O rótulo “socialista de iPhone”, popular entre grupos de direita para acusar suposta contradição de progressistas que utilizam produtos da Apple, ignora o papel decisivo do Estado no desenvolvimento das tecnologias que compõem o aparelho e diversos outros ícones do mercado. A conclusão é apresentada pelo pesquisador David Nemer, da Universidade da Virgínia, em artigo publicado em 6 de dezembro de 2025.
Inovação financiada pelo poder público
De acordo com Nemer, a economista Mariana Mazzucato demonstra que o iPhone só se tornou possível após décadas de aportes governamentais norte-americanos em pesquisa de alto risco. A Apple, afirma, apenas integrou componentes já maduros graças a políticas públicas.
Tecnologias custeadas com recursos estatais presentes no iPhone:
- Internet e protocolo TCP/IP – desenvolvidos por Darpa e NSF;
- GPS – criado pelo Departamento de Defesa dos EUA nos anos 1970;
- Siri – derivada de projeto de inteligência artificial financiado pela Darpa, com 20 universidades envolvidas;
- Tela multitouch – resultado de pesquisas bancadas por NSF e CIA/DCI;
- Microprocessadores – impulsionados por compras militares em programas como Minuteman 2 e Apollo;
- LCD – desenvolvido com verba do Exército e, depois, da Darpa;
- Bateria de íon-lítio – estudada com recursos do Departamento de Energia e da NSF.
A Apple também recebeu US$ 500 mil do programa SBIC, da Small Business Administration, e contou com aquisições do sistema público de educação dos EUA nos anos 1990, período em que buscava estabilidade.
Exemplos além da Apple
O modelo de risco público e lucro privado se repete em outros setores.
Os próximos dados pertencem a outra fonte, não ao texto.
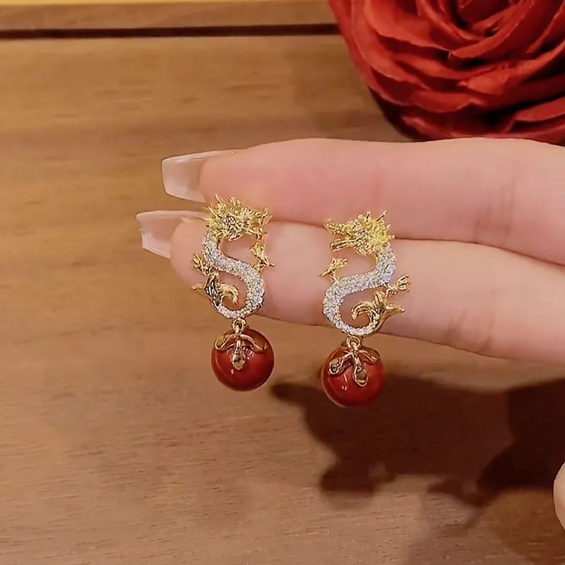 Why Choose the Chinese Style Festive New Year Red Beads Zodiac Dragon Stud Earrings?

Nos 30 anos anteriores à pandemia de covid-19, o governo dos Estados Unidos investiu US$ 31,9 bilhões em pesquisas que permitiram chegar às vacinas de mRNA, sendo US$ 337 milhões antes da crise sanitária.
A Tesla, de Elon Musk, acumulou ao menos US$ 38 bilhões em contratos, empréstimos e incentivos públicos. Destacam-se:
Imagem: Internet
- Empréstimo de US$ 465 milhões do Departamento de Energia em 2010, decisivo para o Model S;
- US$ 11,4 bilhões obtidos com venda de créditos regulatórios ambientais desde 2014;
- Incentivo de US$ 1,3 bilhão do estado de Nevada para construir a gigafábrica;
- Diferentes benefícios fiscais concedidos pela Califórnia.
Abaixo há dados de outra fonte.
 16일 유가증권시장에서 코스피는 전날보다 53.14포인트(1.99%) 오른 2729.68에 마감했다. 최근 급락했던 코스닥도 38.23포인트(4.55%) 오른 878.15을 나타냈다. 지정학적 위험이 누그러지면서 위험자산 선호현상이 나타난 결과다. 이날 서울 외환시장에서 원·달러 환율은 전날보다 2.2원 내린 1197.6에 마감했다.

No setor aeroespacial, a SpaceX sobreviveu graças a contratos iniciais da Darpa e do Departamento de Defesa a partir de 2003. A Nasa assinou acordos de desenvolvimento antes mesmo dos primeiros sucessos da empresa e, após o voo bem-sucedido do Falcon 1, fechou contrato de US$ 1,6 bilhão para reabastecer a Estação Espacial Internacional. O sistema de satélites Starlink também foi impulsionado por lançamentos financiados pelo governo, incluindo contrato de US$ 1,8 bilhão para fins militares.
Para Nemer, os dados indicam que a verdadeira incoerência não está em quem defende políticas estatais e utiliza um iPhone, mas em quem exalta o livre mercado enquanto se beneficia de inovações custeadas por recursos públicos.